Prompt:
Please transcribe the data that follows exactly, from its first line through the line that contains "Комплект чоловічий Nike: анорак".

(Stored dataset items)

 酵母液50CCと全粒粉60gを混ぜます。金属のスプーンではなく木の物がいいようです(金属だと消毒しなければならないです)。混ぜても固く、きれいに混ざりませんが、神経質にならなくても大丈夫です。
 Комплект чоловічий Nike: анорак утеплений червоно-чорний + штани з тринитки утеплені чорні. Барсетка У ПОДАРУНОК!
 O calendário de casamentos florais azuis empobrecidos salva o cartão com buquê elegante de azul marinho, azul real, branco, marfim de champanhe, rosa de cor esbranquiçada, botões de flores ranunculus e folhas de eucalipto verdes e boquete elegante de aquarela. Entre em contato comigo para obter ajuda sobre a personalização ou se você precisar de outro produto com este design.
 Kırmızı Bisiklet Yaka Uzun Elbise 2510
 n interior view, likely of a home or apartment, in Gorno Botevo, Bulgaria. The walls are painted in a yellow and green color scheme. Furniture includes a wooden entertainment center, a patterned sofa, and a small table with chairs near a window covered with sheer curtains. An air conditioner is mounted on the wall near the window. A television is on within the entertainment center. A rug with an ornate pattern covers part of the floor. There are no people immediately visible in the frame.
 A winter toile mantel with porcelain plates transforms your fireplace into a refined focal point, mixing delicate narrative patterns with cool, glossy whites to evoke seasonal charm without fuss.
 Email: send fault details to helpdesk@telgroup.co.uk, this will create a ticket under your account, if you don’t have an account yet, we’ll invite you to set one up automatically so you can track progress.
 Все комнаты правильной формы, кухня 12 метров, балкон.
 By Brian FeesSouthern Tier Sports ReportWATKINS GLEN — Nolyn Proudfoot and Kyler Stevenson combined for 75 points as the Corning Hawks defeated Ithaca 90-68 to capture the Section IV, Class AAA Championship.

Solution:
 酵母液50CCと全粒粉60gを混ぜます。金属のスプーンではなく木の物がいいようです(金属だと消毒しなければならないです)。混ぜても固く、きれいに混ざりませんが、神経質にならなくても大丈夫です。
 Комплект чоловічий Nike: анорак утеплений червоно-чорний + штани з тринитки утеплені чорні. Барсетка У ПОДАРУНОК!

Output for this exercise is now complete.